[Supplied data]
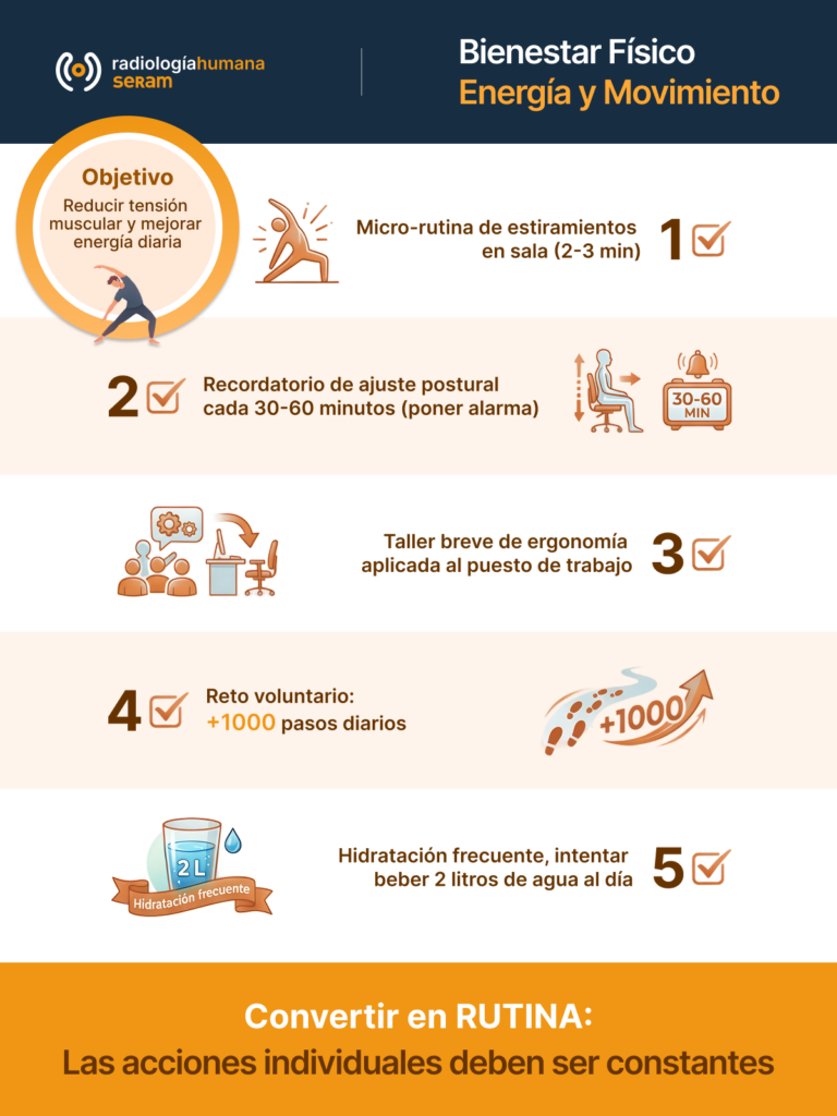 Desde la iniciativa Radiología Humana de la SERAM queremos contribuir a integrar este enfoque en la práctica diaria, con propuestas realistas y aplicables. En nuestra web encontrarás el desarrollo completo del plan de autocuidado.
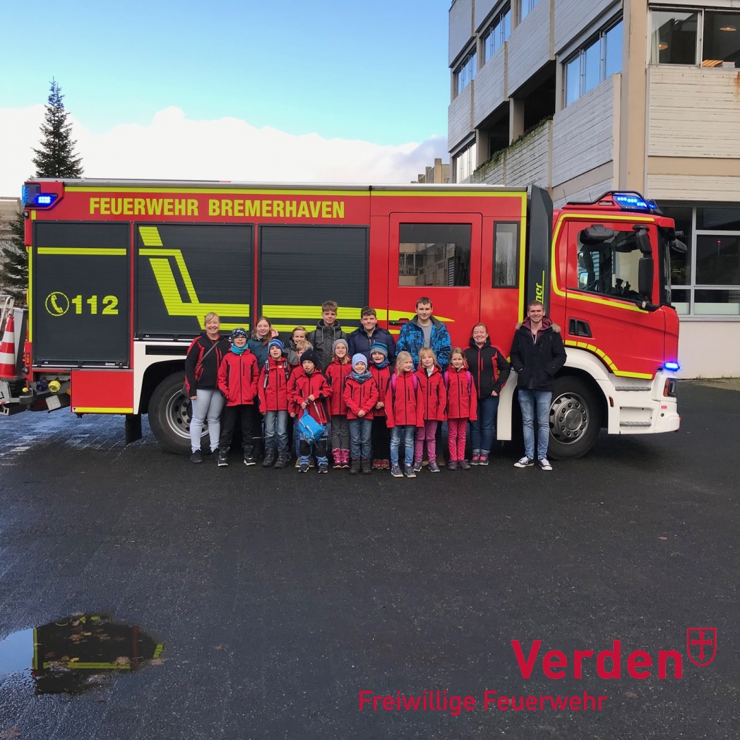 Einen spannenden Tag verbrachten am Wochenende die Kinder- und Jugendfeuerwehr Eitze bei der Berufsfeuerwehr Bremerhaven. Die fünfzehn Kinder- und Jugendlichen erhielten gemeinsam mit ihren Betreuern Einblicke in den Alltag auf der Feuerwache. Neben einer Führung durch die Wache und der der Fahrzeughalle mit den Einsatzfahrzeugen, standen ebenso Probesitzen in der neuesten Generation Hilfeleistungslöschgruppenfahrzeugen (kurz HLF) sowie das Erklimmen des Schlauchturmes auf dem Programm.
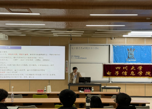 2024年11月23日晚20点整,bat365在线体育登录在四川大学江安校区综合楼C座C103组织进行了电子信息专业竞赛经验分享会,主讲人为李玮副教授和肖迪学长。
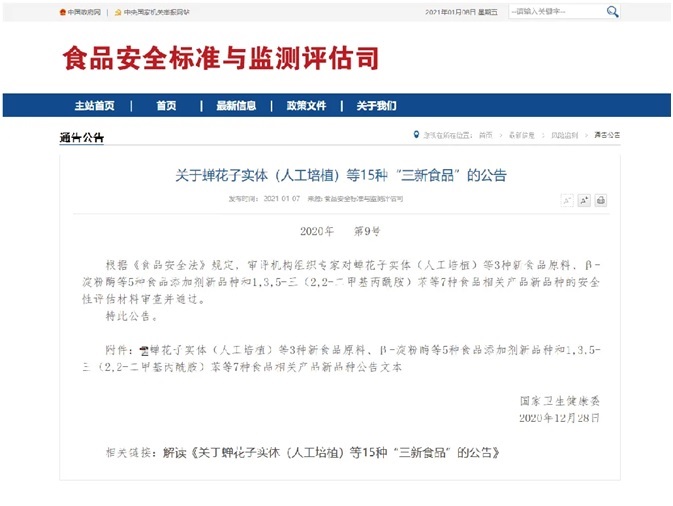 | 泛亞醫藥研發的蟬花被國家衛健委批準為新食品原料 | |
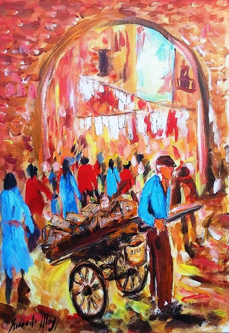 Del Reading in versi merita attenzione, la composizione di Paola Miele, intitolata Il viandante, eccola. E, per focalizzare il senso del linguaggio pittorico di Fernando Masi, eccone un saggio con la tela dedicata al rigattiere dei tempi andati, che girava per strade e vichi, raccogliendo carta e cartoni da ri–ciclare, altro che usa – e- getta. ‘O cartunaro, è il titolo della tela che fa parte della collezione privata dell’imprenditore Pantaleone Dentice, che l’interessato, neanche a dirlo, custodisce con occhio e cura speciali, perché gli fa da specchio e ne racconta le origini di bambino …. che s’industriava di paese in paese della corona di Avellino, nelle ore serali e notturne per la raccolta di carta e cartoni,; e così intraprendeva, magari cascando dal sonno a scuola, il cammino che lo ha reso imprenditore appunto nel riciclio e ri-uso di materiali industriali. L’opera ‘O cartunaro con la varietà dei colori e dei movimenti delle persone narra in alta definizione un tempo lontano che, tuttavia, permane e vive nel fulgore della pittura di Fernando Masi.

[Aim of the task] Output nothing but the lines from the line with "2024年11月23日晚20" through the last line of the material above, please, word for word and without the pictures.

[Task output]
 2024年11月23日晚20点整,bat365在线体育登录在四川大学江安校区综合楼C座C103组织进行了电子信息专业竞赛经验分享会,主讲人为李玮副教授和肖迪学长。
 | 泛亞醫藥研發的蟬花被國家衛健委批準為新食品原料 | |
 Del Reading in versi merita attenzione, la composizione di Paola Miele, intitolata Il viandante, eccola. E, per focalizzare il senso del linguaggio pittorico di Fernando Masi, eccone un saggio con la tela dedicata al rigattiere dei tempi andati, che girava per strade e vichi, raccogliendo carta e cartoni da ri–ciclare, altro che usa – e- getta. ‘O cartunaro, è il titolo della tela che fa parte della collezione privata dell’imprenditore Pantaleone Dentice, che l’interessato, neanche a dirlo, custodisce con occhio e cura speciali, perché gli fa da specchio e ne racconta le origini di bambino …. che s’industriava di paese in paese della corona di Avellino, nelle ore serali e notturne per la raccolta di carta e cartoni,; e così intraprendeva, magari cascando dal sonno a scuola, il cammino che lo ha reso imprenditore appunto nel riciclio e ri-uso di materiali industriali. L’opera ‘O cartunaro con la varietà dei colori e dei movimenti delle persone narra in alta definizione un tempo lontano che, tuttavia, permane e vive nel fulgore della pittura di Fernando Masi.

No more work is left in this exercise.